Dos sexenios, el de Felipe Calderón Hinojosa y el de Enrique Peña Nieto, en los que —sin escrutinio alguno, sin ningún tipo de control, sin que nadie rindiera cuentas a la nación— se gastaron más de dos millones de millones de pesos en armamento, pertrechos militares, aeronaves artilladas y vehículos blindados, tecnología, uniformes, calzado, alimentos, pago a informantes y a proveedores de todo tipo, sobornos a medios y periodistas para que narraran la historia de las “hazañas” perpetradas por los cientos de miles de efectivos que hicieron una guerra tan inútil como sangrienta.
Una guerra impuesta solo para satisfacer la necesidad de obtener una legitimidad de la que Felipe Calderón carecía de origen. Diseñada para lavar con sangre y enmascarar con histéricas diatribas patrióticas el robo de la presidencia y unir, por el terror, el odio, el fanatismo, a una sociedad dividida y agraviada.
Una guerra que, en el colmo de la banalidad, hace suya y extiende Enrique Peña Nieto, solo para mantener al país sometido a un régimen de excepción no declarado y consumar así el saqueo de los bienes de la nación. Una guerra que fue coartada para un atajo de ladrones que aprovecharon el pasmo colectivo que la violencia provoca.
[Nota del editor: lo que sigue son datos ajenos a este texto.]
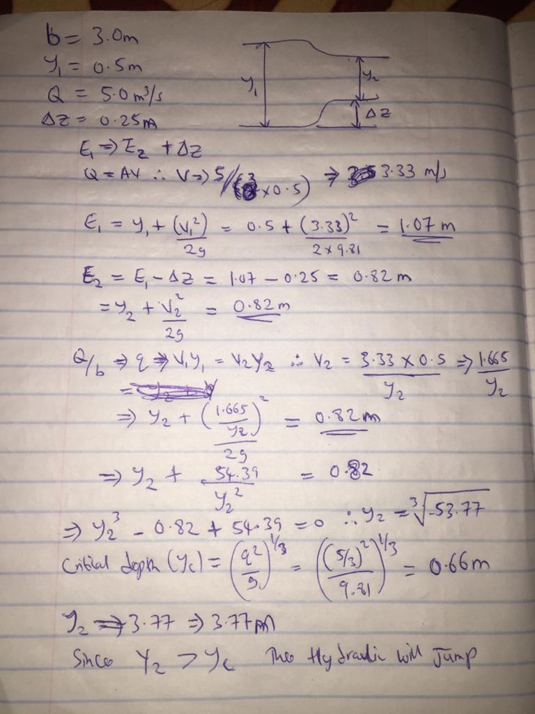 A rectangular channel 3.0 m wide has a flow rate of 5.0 m3/s with a normal depth of 0.50 m. The flow then encounters a dam that
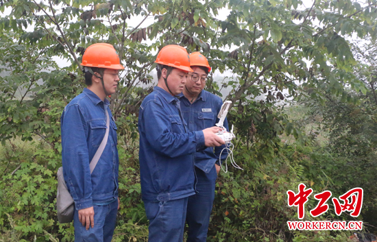周紅亮和團(tuán)隊在使用無人機(jī)巡檢。中工網(wǎng)記者 朱晶晶 攝
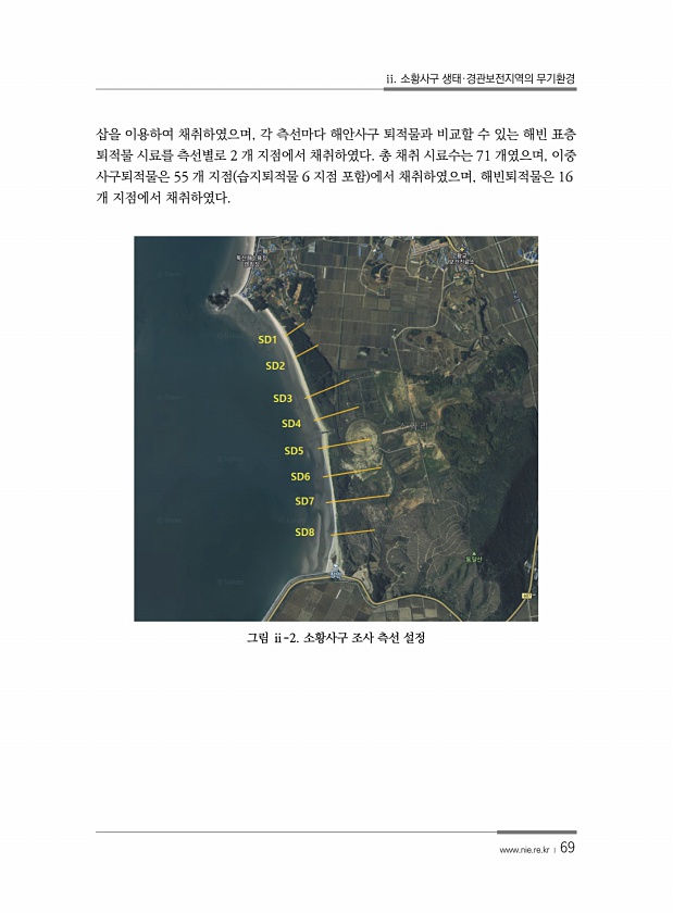 ii. 소황사구 생태·경관보전지역의 무기환경 www.nie.re.kr ? 69 삽을 이용하여 채취하였으며, 각 측선마다 해안사구 퇴적물과 비교할 수 있는 해빈 표층 퇴적물 시료를 측선별로 2 개 지점에서 채취하였다. 총 채취 시료수는 71 개였으며, 이중 사구퇴적물은 55 개 지점 습지퇴적물 6 지점 포함 에서 채취하였으며, 해빈퇴적물은 16 개 지점에서 채취하였다. 그림 ⅱ-2. 소황사구 조사 측선설정
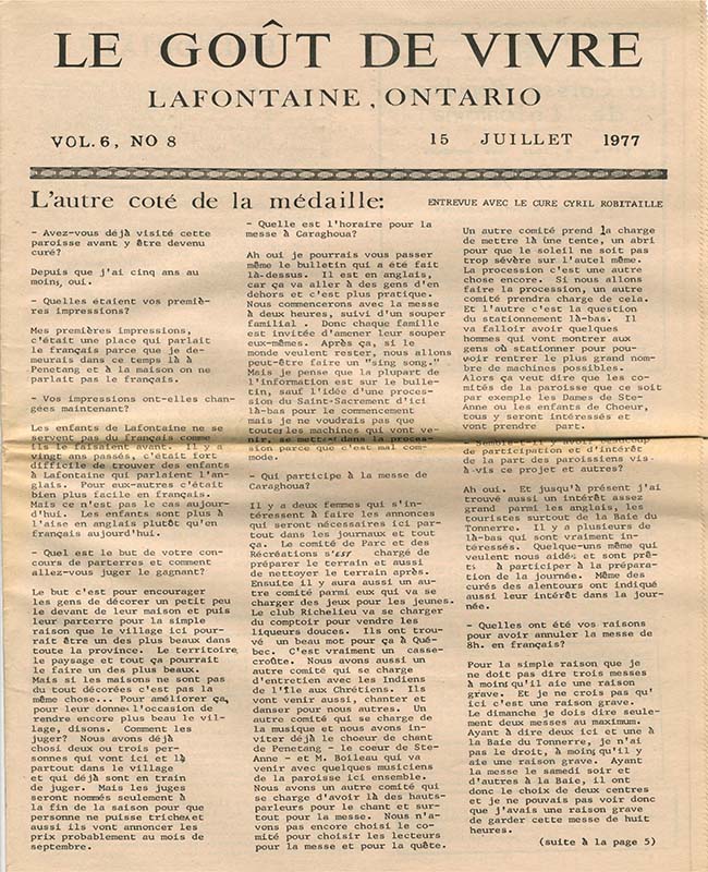 Le Goût de vivre (Vol.06 No.08) – 15 juillet 1977
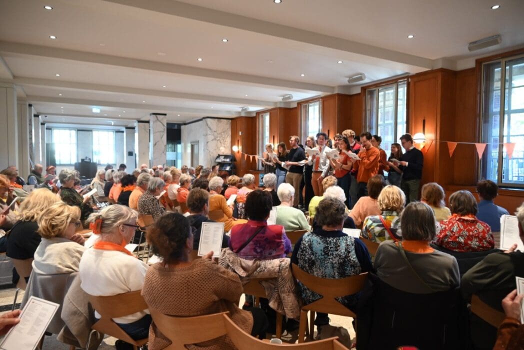 In de week voor Koningsdag zijn er diverse feestjes, vanmiddag was het senioren Meezingspektakel in de Foyer van het Stadhuis. Het Minerva studentenkoor Sempre Cresendo zingt normaal klassieke muziek, maar eens per jaar zingen ze tegenwoordig Hollandse klassiekers tijdens het Meezingspektakel.

Una guerra, librada por órdenes de Washington, que se vuelve un gigantesco negocio sucio encabezado, precisamente, por dos de los máximos responsables de su conducción: un estratega, secretario de Seguridad Pública, mano derecha e informante privado de Calderón; y un general de cuatro estrellas, secretario de Defensa, ex oficial mayor con Calderón y jefe máximo del ejército con Peña Nieto.
García Luna, señor de los montajes, ídolo de periodistas que sin el menor reparo se postraron ante él. Conocido en el mundo como el funcionario que montó una inmobiliaria en Miami y recibió casi 500 departamentos que proveedores de armamento y tecnología le entregaron a cambio de contratos. Hombre también del narco al que los fiscales norteamericanos, como al general Cienfuegos —quien debe responder en nuestro país por su omisión criminal en Ayotzinapa y por la masacre de Tlatlaya— acusan de recibir sobornos de los cárteles de la droga.
Un súper policía y un general. Traidores ambos al servicio directo de otros dos traidores: Calderón, que se robó la presidencia, y Peña Nieto, que la compró. Traidores, negociantes de la muerte todos ellos, que sacaron provecho —político y económico— de la sangre derramada. Traidores al servicio de una potencia extranjera que —sin reconocer que son su creación y que en los crímenes cometidos mucho tiene de responsabilidad— hoy les da la espalda.